I think, especially in the New york area. I thought everyone used the word schmuck, for an obnoxious, twit. But, outside of this area, many have never heard it. Of course, I didn't know, until college, what the literal translation is :lol:.

BTW, I LOVE your signature! :rofl:

GarrAarghHrumph
02-13-2012, 03:16 PM
Also, in Scotland & Ireland, I was asked more than once if I was from Australia - and I'm from Seattle

People from the US tend to have broad vowels, which to some people from the UK and Ireland make us sound like we're from Australia. Even more so for me, because I am also non-rhotive, being from Boston.


Many, many years ago, I was on the phone with someone in New York and he said I had a midwestern accent (excuse me, a New Yorker saying *I* had an accent?).
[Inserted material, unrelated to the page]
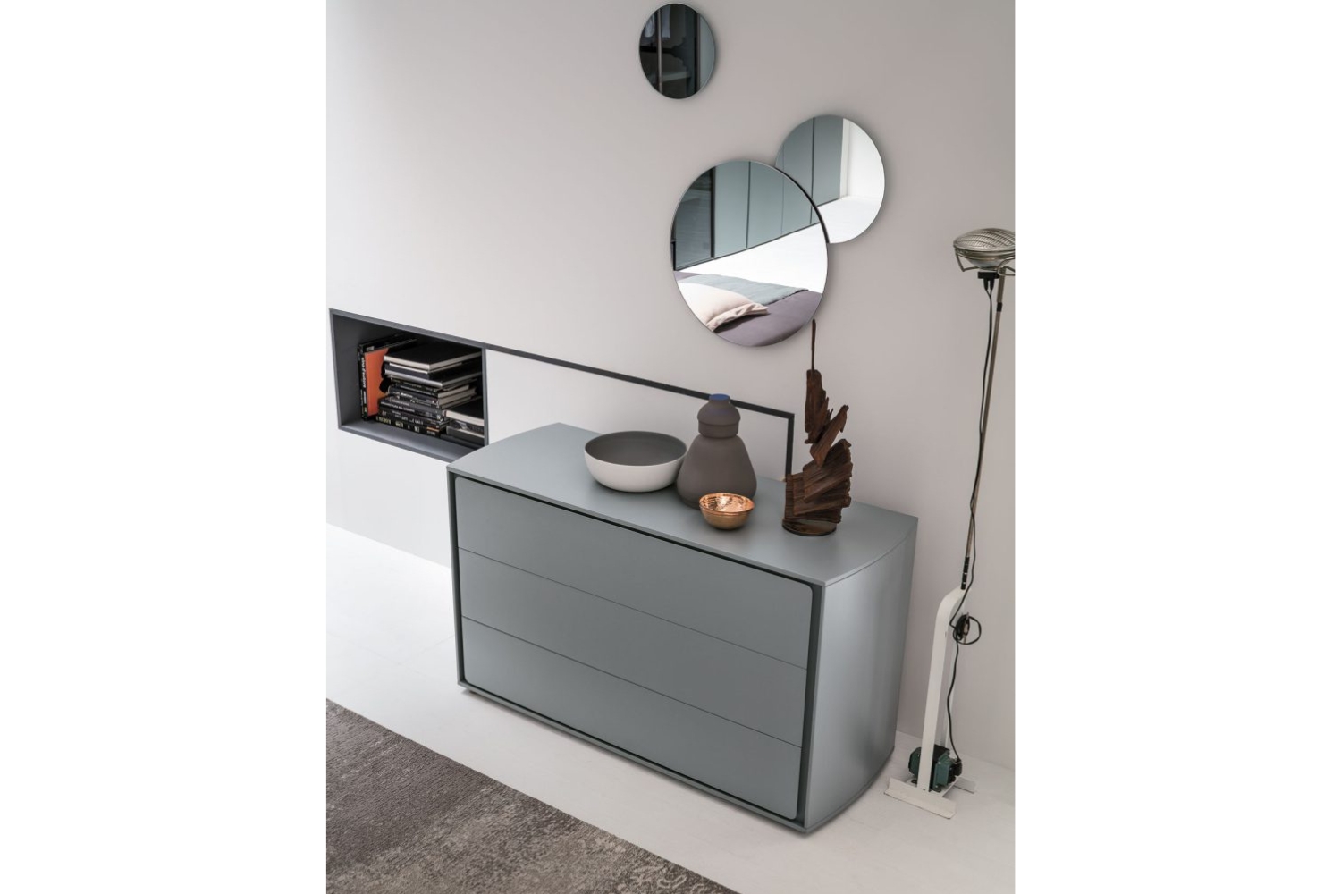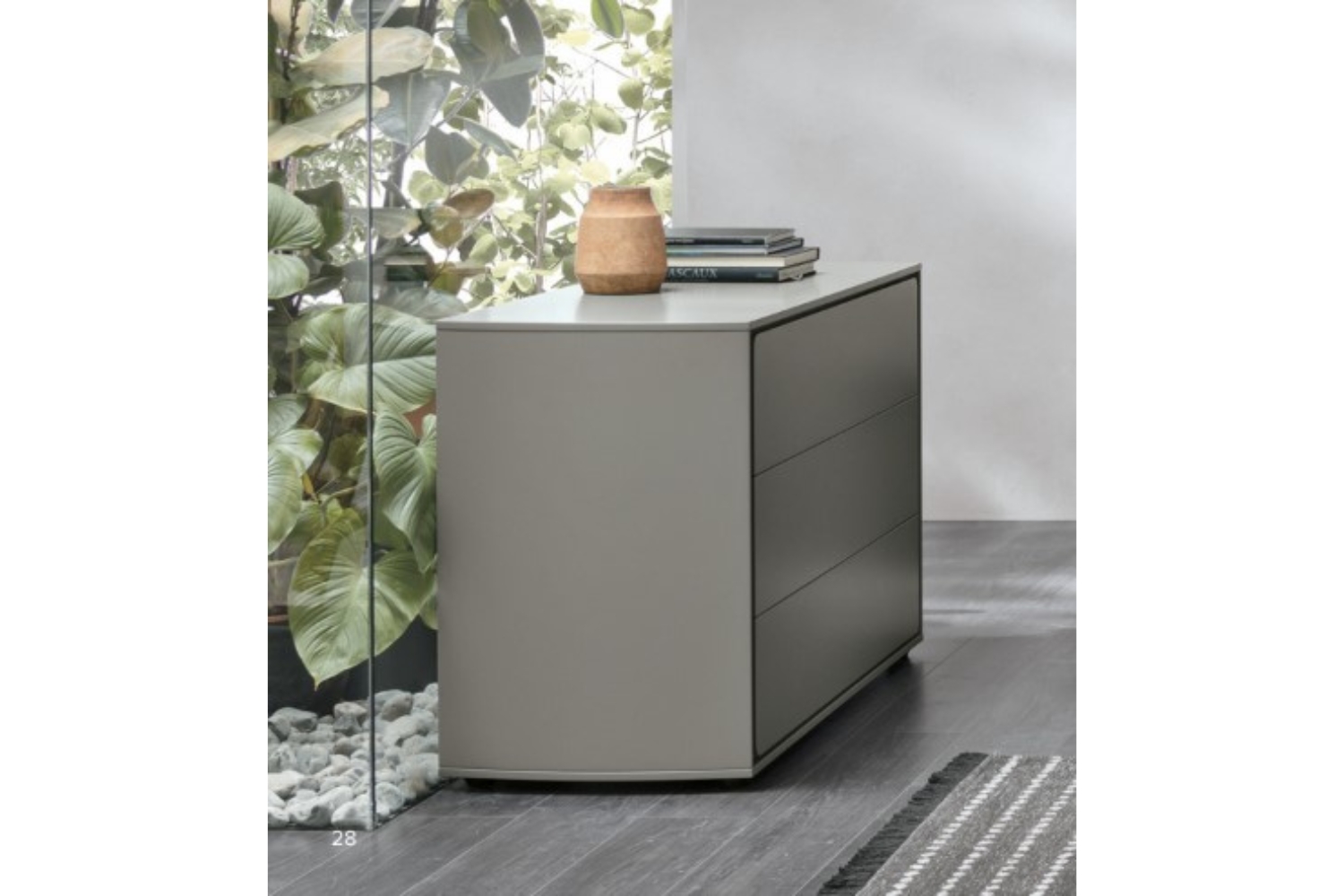 The Tevila Chest brings a refined touch to modern bedrooms with its gracefully curved sides and distinctive recessed detailing around the drawers. This unique yet timeless design ensures versatility, effortlessly blending with various bedroom styles while adding a sophisticated charm. With three or four spacious drawers, the Tevila Chest offers ample storage for clothing and accessories, keeping your space neat and organized. The smooth top surface provides the perfect area for decorative accents, personal items, or a statement piece. Crafted with precision from high-quality materials, this chest is designed for durability and long-lasting appeal. Choose from three oak wood finishes or a wide selection of matte lacquer colors to customize it to your aesthetic.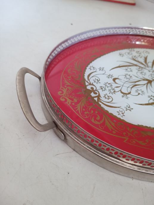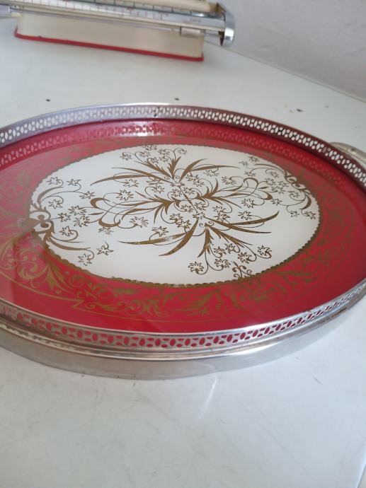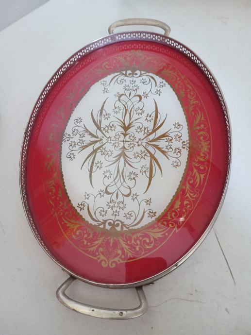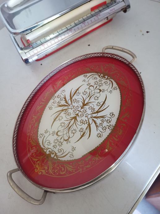 Stara ovalna tacna32x25cm sa ruckama u dobrom stanju

Anyway, I said Ohio's the only state that doesn't have ANY accent! ha ha ha

Ohio has a very strong accent to me, especially in and near Cleveland. It's very mid-western to my ear. Flat vowels, a bit nasal.


"Bubbler" is one of those words that I've known existed since I was an early teen, but I never heard anyone actually say until a couple of years ago. I nearly peed my pants with excitement the first time I heard someone (a Bostonian) say he was going to the "bubblah" for a drink.

I will happily say bubblah for you next time we have a NYC get-together. :D

cruisin
02-13-2012, 03:22 PM
I will happily say bubblah for you next time we have a NYC get-together. :D

Now wait, isn't that a grandmother? (I know it's bubala, but I've heard it pronounced like bubblah ;))

triplelooped
02-13-2012, 03:27 PM
Bless your heart can have several meanings, with the true meaning being conveyed by tone of voice and facial expression. Bless your heart with the emphasis on the bless said in a condescending voice means basically you're a f****** idiot. One of my friends from New Jersey said that she would just say "you're a f****** idiot." My response: "So would we, just not in polite company." Always that Southern veneer of politeness :D

Bless your heart said with a very sincere facial expression and the emphasis more on the work heart is an expression of sympathy or of poor you.

Spinner
02-13-2012, 04:18 PM
Spinner, you know I was just kidding, right?

:fragile:

znachki
02-13-2012, 05:00 PM
Originally Posted by znachki: Also, in Scotland & Ireland, I was asked more than once if I was from Australia - and I'm from Seattle


People from the US tend to have broad vowels, which to some people from the UK and Ireland make us sound like we're from Australia. Even more so for me, because I am also non-rhotive, being from Boston.

When it happened, it struck me as funny, since so many Americans can't differentiate the various accents in rest of the English speaking world. But I'd never thought about it working in reverse.